The subject of the proposed law to protect information concerning individuals in the possession of private organizations was taken up at a regular meeting of the JCLU membership held on July 25, 2000. The discussion focused on the “Proposed Outline concerning a Fundamental Law Protecting Individual Information” (“Outline”) released by the government the preceding month. In his introduction, Representative Director Mikio Akiyama stated that “the intent of a law to protect individual information is to realize `respect for the individual` but a side effect is a restriction on the `right to know,` so the issue must be carefully evaluated.” JCLU Director Hiroshi Miyake said that the need for a law protecting individual information was recognized in the course of the debate over the information disclosure law. He stressed that, to the extent that an disclosure system seeks to protect privacy, it must allow review of information by individuals concerning themselves.
The Outline proposed that government agencies and private organizations be subject to the same set of rules. Miyake pointed out that application of the same standards regarding information archiving and disclosure to private organizations would constitute an obstacle to the operations of NGOs and citizens groups. He suggested that rules applicable to government agencies and to non-governmental organizations should be considered separately. He also recommended that the new law should follow the eight principles enunciated by the OECD Board of Directors.
Next, JCLU Director Kenta Yamada made a presentation regarding the potential impact on freedom of expression. Yamada called for excluding information gathered by media organizations during the process of reporting from the scope of the law. Failure to do so would potentially have a chilling effect on reporting as it might pose a threat to the confidentiality of information sources.
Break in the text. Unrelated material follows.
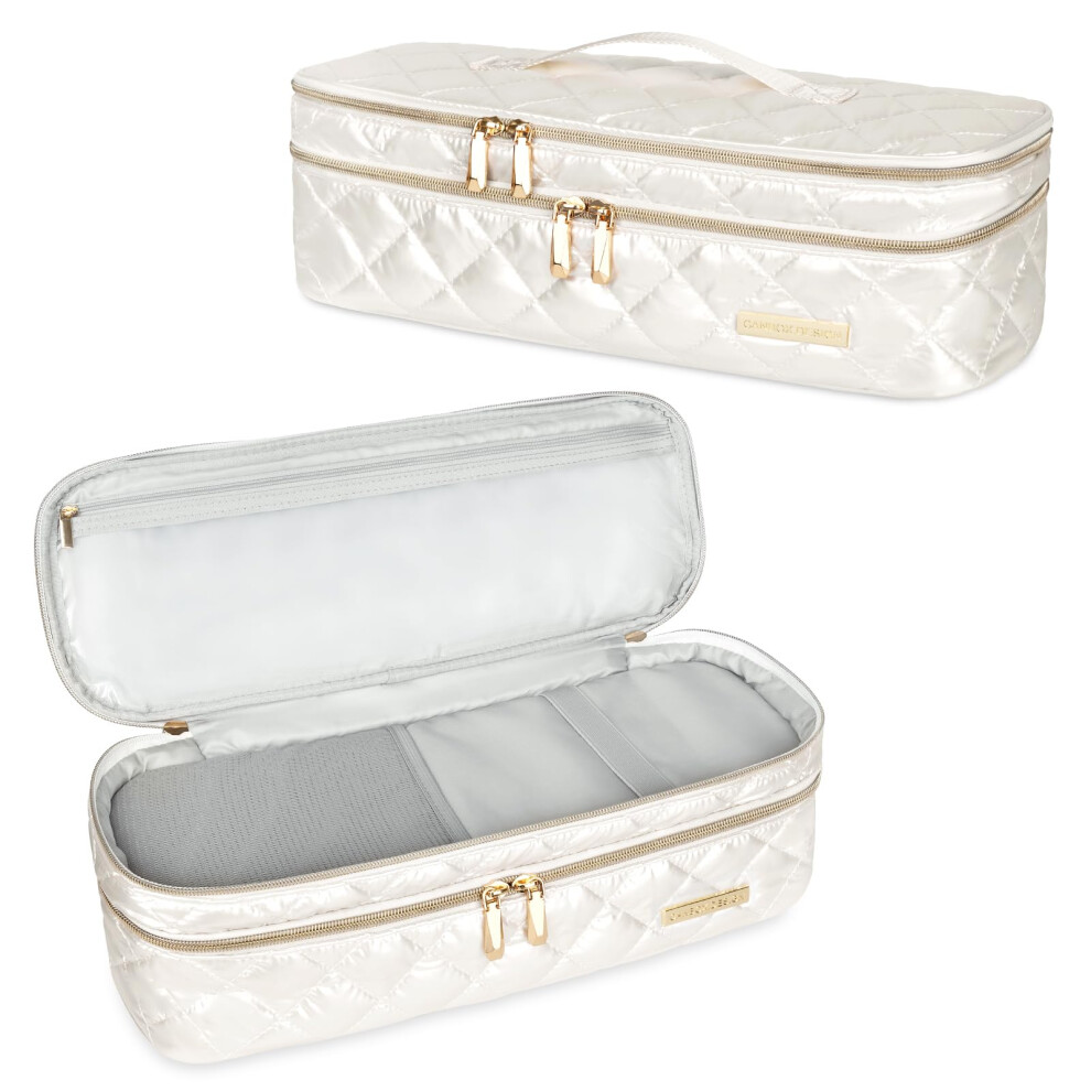 MOMOJULI Cute Quilted Hair Tools Bag with Zip Hair Styling Accessories Travel Storage Case for Shark FlexStyle,Dyson Airwrap Hair Dryer,Curling Iron,Revlon Hair Tools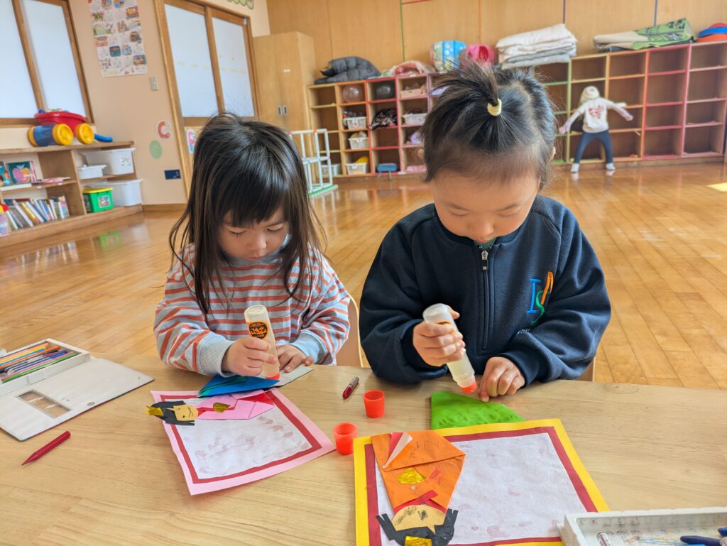 着物は折り紙を使い、それぞれが工夫しながら着物らしく折ろうとする姿が見られました。

Yamada also put forth the suggestion that information in the possession of media organizations could be segregated between information gathered through reporting activities on one hand, from information gathered for marketing purposes on the other (such as information concerning subscribers, subscription fees, etc.).
On August 25, 2000, JCLU formally delivered its written opinion concerning the Outline to the government‘s “Specialist Committee on a Legal System to Protect Individual Information.”